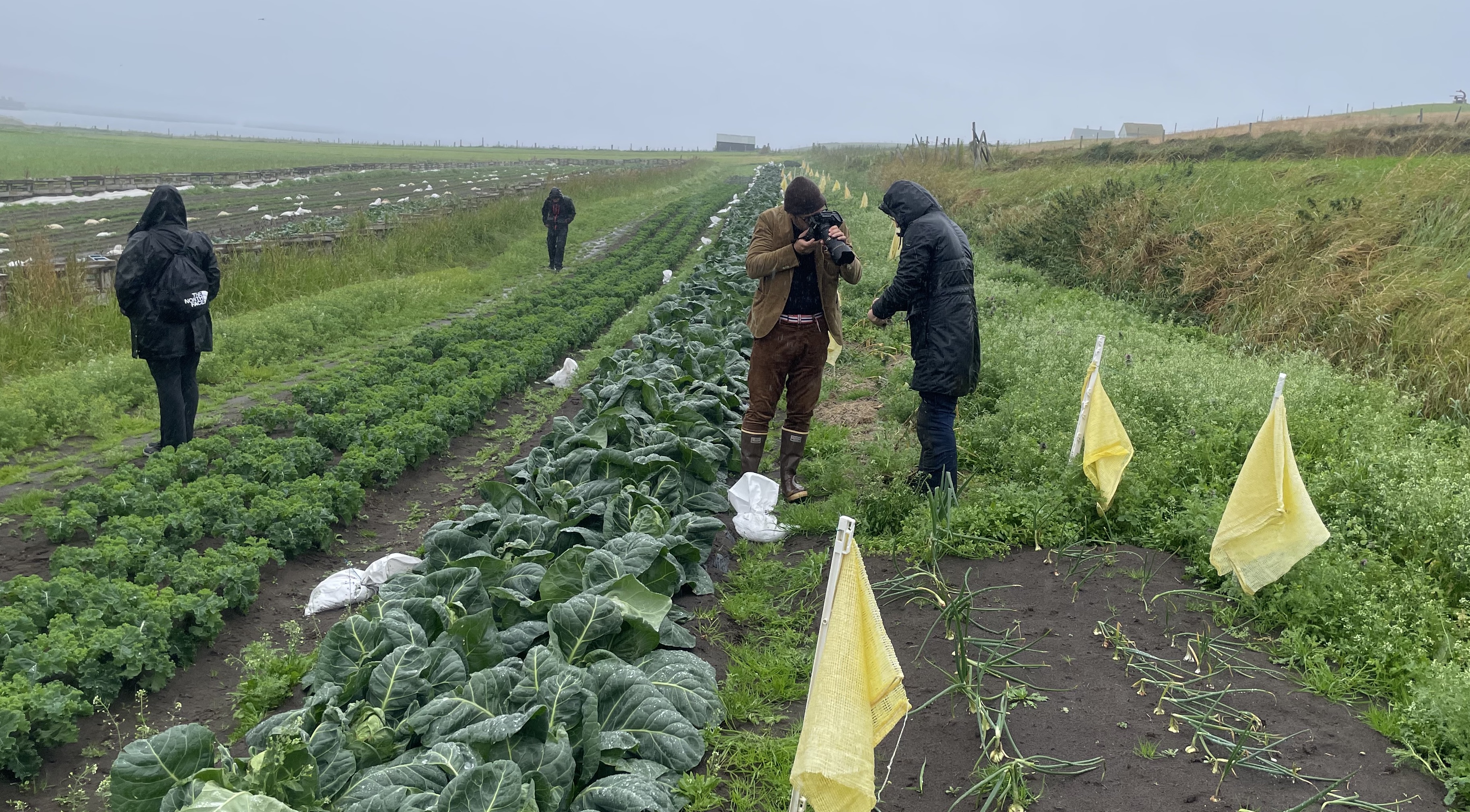 Í gjár fóru starvsfólk á matstovunum Heima I Havn suður til Sands at kunna seg um óføra grønmetið, sum skjótt kemur á marknaðin.
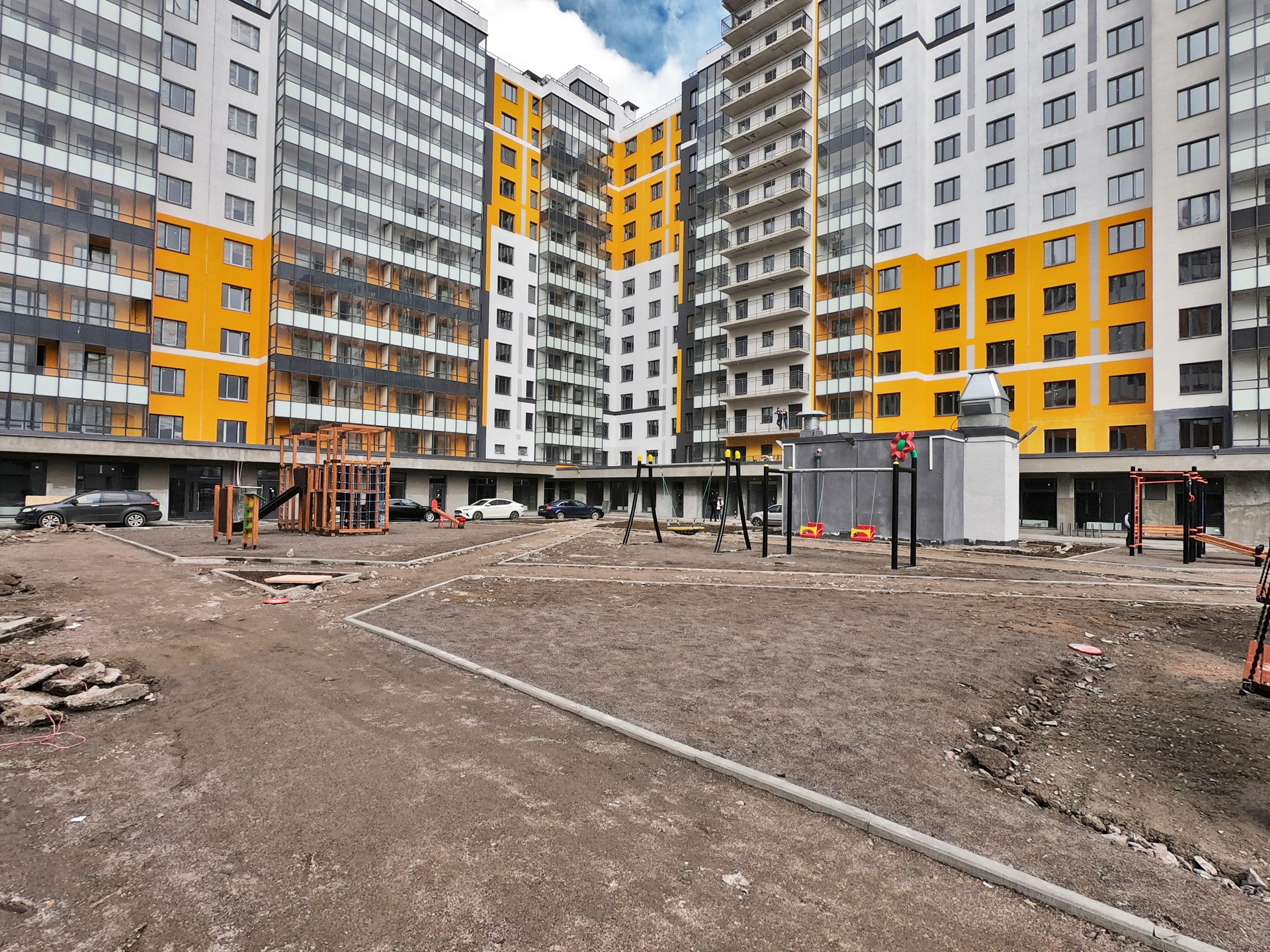 Во дворе детская и спортивная площадки
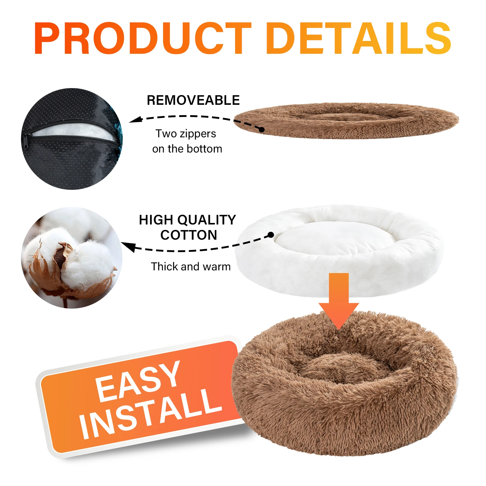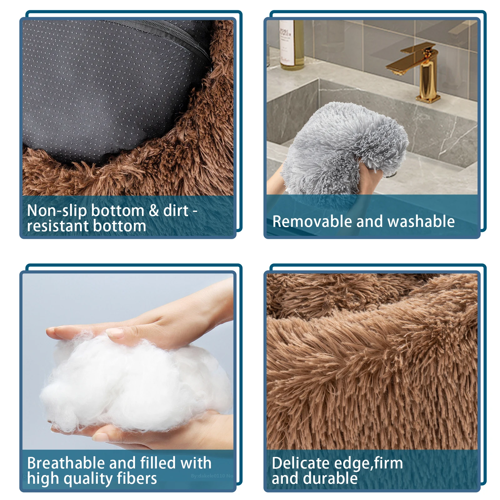 The dog bed consists of two parts-the cover & the inner core. The cover is made of 4cm long plush which has the touch likes the owners' hug. Filled with high quality PP cottom make the dog bed more comfy amd cozy
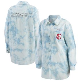Women's WEAR by Erin Andrews Denim Seattle Seahawks Chambray Acid-Washed Long Sleeve - Button-Up Shirt
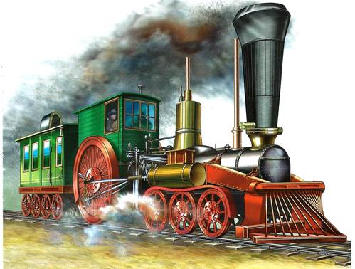 Паровозы. Для передвижения грузов нужна сила. Ею могут являться: возможности человека, животного и т.п. Вначале для перемещения грузов по рельсам вместо человека стали использовать лошадей. Конная тяга обходилась недешево, да и хлопот они доставляли немало. Их замена нашлась в изобретении паровой машины Томасом Ньюкоменом в 1712 году. Ее усовершенствованные варианты использовались впоследствии Джеймсом Уаттом, Николаем Жозеф Кюнье, Уильямом Мердоком и др. до тех пор, пока в 1803 году Ричард Тревитик не изобрел на ее основе первый в мире паровоз (рис.2.5). Паровоз стал паровозом благодаря Джорджу Стефенсону и постройке рельсовой дороги для вывозки угля в порт Стоктона из Дарлингтона; эта дорога была открыта 27 сентября 1825 года (рис.2.6). Она вызвала в мире настоящую железнодорожную лихорадку. Железные дороги начали возводить во всем мире. Хронология появления железных дорог в странах мира приведена в [2.3]. В это же время бурно развивалась и паровозостроительная промышленность; изменялись и хорошели паровозы. Они олицетворяли собой железнодорожный транспорт и на долгое время внешний облик паровоза стал брендом (англ. brand, фабричное клеймо – марка, отличительный знак товара) железных дорог (рис.2.7, 2.8).
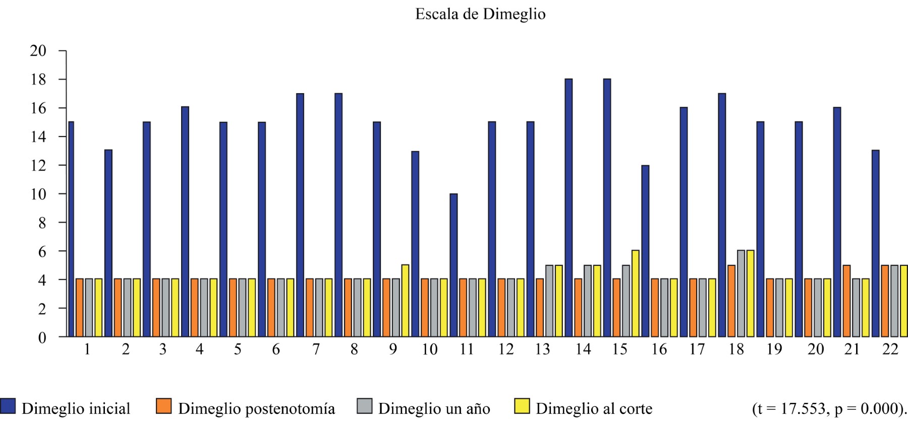 Se evaluaron a los pacientes con la escala de Dimeglio obteniendo medias: inicial 15.14 (mínima 10, máxima 18), posterior a la tenotomía 4 (mínima 4, máxima 5), al primer año de evaluación 4.2 (mínima 4, máxima 6) y al final del estudio 4.3 (mínima 4, máxima 6). Las diferencias de estas evaluaciones por cada paciente se muestran en la Figura 1.
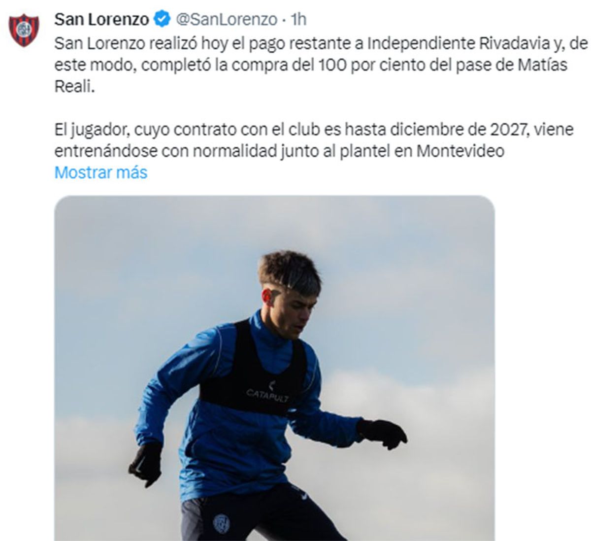 Mientras que el Cuervo dijo este lunes: "San Lorenzo realizó hoy el pago restante a Independiente Rivadavia y, de este modo, completó la compra del 100 por ciento del pase de Matías Reali. El jugador, cuyo contrato con el club es hasta diciembre de 2027, viene entrenándose con normalidad junto al plantel en Montevideo y se encuentra a disposición de Leandro Romagnoli para el amistoso de mañana contra Peñarol".

───

Try it => Restate the whole listing above exactly, please, omitting every image.

Exercise response =>
 Í gjár fóru starvsfólk á matstovunum Heima I Havn suður til Sands at kunna seg um óføra grønmetið, sum skjótt kemur á marknaðin.
 Во дворе детская и спортивная площадки
 The dog bed consists of two parts-the cover & the inner core. The cover is made of 4cm long plush which has the touch likes the owners' hug. Filled with high quality PP cottom make the dog bed more comfy amd cozy
Women's WEAR by Erin Andrews Denim Seattle Seahawks Chambray Acid-Washed Long Sleeve - Button-Up Shirt
 Паровозы. Для передвижения грузов нужна сила. Ею могут являться: возможности человека, животного и т.п. Вначале для перемещения грузов по рельсам вместо человека стали использовать лошадей. Конная тяга обходилась недешево, да и хлопот они доставляли немало. Их замена нашлась в изобретении паровой машины Томасом Ньюкоменом в 1712 году. Ее усовершенствованные варианты использовались впоследствии Джеймсом Уаттом, Николаем Жозеф Кюнье, Уильямом Мердоком и др. до тех пор, пока в 1803 году Ричард Тревитик не изобрел на ее основе первый в мире паровоз (рис.2.5). Паровоз стал паровозом благодаря Джорджу Стефенсону и постройке рельсовой дороги для вывозки угля в порт Стоктона из Дарлингтона; эта дорога была открыта 27 сентября 1825 года (рис.2.6). Она вызвала в мире настоящую железнодорожную лихорадку. Железные дороги начали возводить во всем мире. Хронология появления железных дорог в странах мира приведена в [2.3]. В это же время бурно развивалась и паровозостроительная промышленность; изменялись и хорошели паровозы. Они олицетворяли собой железнодорожный транспорт и на долгое время внешний облик паровоза стал брендом (англ. brand, фабричное клеймо – марка, отличительный знак товара) железных дорог (рис.2.7, 2.8).
 Se evaluaron a los pacientes con la escala de Dimeglio obteniendo medias: inicial 15.14 (mínima 10, máxima 18), posterior a la tenotomía 4 (mínima 4, máxima 5), al primer año de evaluación 4.2 (mínima 4, máxima 6) y al final del estudio 4.3 (mínima 4, máxima 6). Las diferencias de estas evaluaciones por cada paciente se muestran en la Figura 1.
 Mientras que el Cuervo dijo este lunes: "San Lorenzo realizó hoy el pago restante a Independiente Rivadavia y, de este modo, completó la compra del 100 por ciento del pase de Matías Reali. El jugador, cuyo contrato con el club es hasta diciembre de 2027, viene entrenándose con normalidad junto al plantel en Montevideo y se encuentra a disposición de Leandro Romagnoli para el amistoso de mañana contra Peñarol".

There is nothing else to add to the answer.